Accès aux sites pays BENIN BURKINA FASO CAMEROUN CENTRAFRIQUE CONGO COTE D'IVOIRE GABON
GUINEE MADAGASCAR MALI R.D. CONGO SENEGAL TOGO
L'Observateur | Burkina Faso | 20/03/2012 | Lire l'article original
La 155e Journée internationale de la Femme commémorée cette année sous le thème évocateur «mobilisation sociale pour la réduction de la mortalité maternelle : le rôle des hommes», interpelle à suffisance toutes les âmes sensibles, notamment les hommes dans leur contribution pour lutter contre ce phénomène de santé publique qui ignore les couches sociales ou les races.
Le recentrage sur la question de la mort maternelle peut être considéré comme le résultat d’un combat féministe de la décennie 1970-1980, valorisant la femme autrement que par son seul statut de mère. Depuis, l’accès pour les femmes à des «services de santé qui leur permettent de traverser en toute sécurité la grossesse et l’accouchement», est reconnu comme droit, même si celui- ci est très souvent bafoué. Mais où en est-on 25 ans après la première «Conférence mondiale sur la mortalité sans risque» tenue à Nairobi en 1987 ?

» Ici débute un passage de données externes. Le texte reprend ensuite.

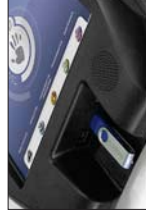
USB key & Ethernet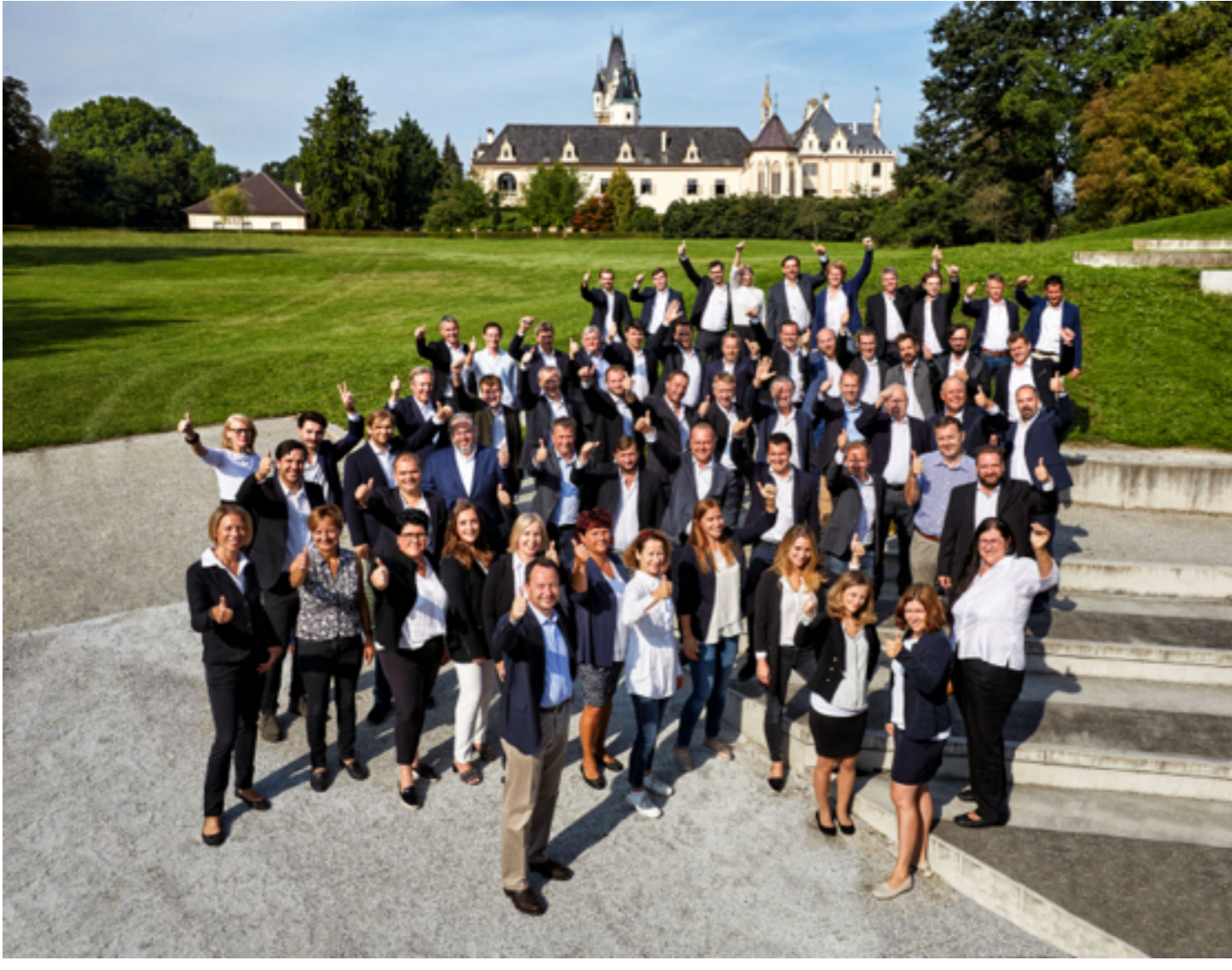
ÖTW

For five days, winemakers will personally serve around 500 site-specific wines. ÖTW wines can be tasted from Monday to Thursday, with Styria's STK wineries joining on the first two days. Burgenland's Eisenberg and Leithaberg are guests on Thursday, while on Friday the event moves to Wachau to Dürnstein castle.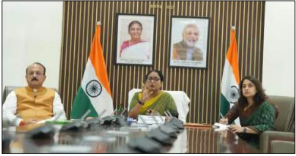
या संकोच नहीं होना चाहिए। स्कूलों में ऐसा वातावरण बनाया जाए जहाँ वे खुलकर अपनी समस्याएँ साझा कर सकें और उन्हें मानसिक दबाव से बाहर निकालने में मदद मिले। बैठक में मुख्यमंत्री ने स्कूलों के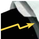
EASY ZIP SYSTEM

Au regard des chiffres alarmants qui, du reste, font frémir (307 décès sur 100 000 accouchements en 2006), l’on se croirait toujours aux siècles précédents, siècles des grandes pandémies (la peste, le choléra, la lèpre) et pourtant, malgré les énormes progrès réalisés dans ce domaine si sensible, on est en droit de se poser la question du pourquoi de la persistance de cet état de fait.
Bien qu’en baisse sensible, le taux de mortalité maternelle demeure encore bien au-dessus de l’acceptable dans notre pays ; comparaison faite avec les pays industrialisés ayant un taux de mortalité inférieur à 2/25 000 accouchements. La probabilité de mourir est donc 70 fois plus élevée pour une femme du Sud que pour une autre du Nord. Les causes, multiples et surtout variées, se situent à plusieurs niveaux :
Au niveau institutionnel
Au niveau socioculturel
Au niveau économique
Au niveau de l’évolution liée au modernisme
La liste pourrait s’allonger tant les causes persistent dans la plupart des cas ; mais, si identifier les causes peuvent donner à réfléchir, le plus dur reste la lutte pour l’éradication de ce fléau. Quelles actions à court, moyen ou long terme convient-il d’entreprendre afin que la joie d’accomplir cette œuvre divine de procréation par nos femmes, nos mères, nos sœurs, nos filles ne se transforme en cauchemar pour les familles ?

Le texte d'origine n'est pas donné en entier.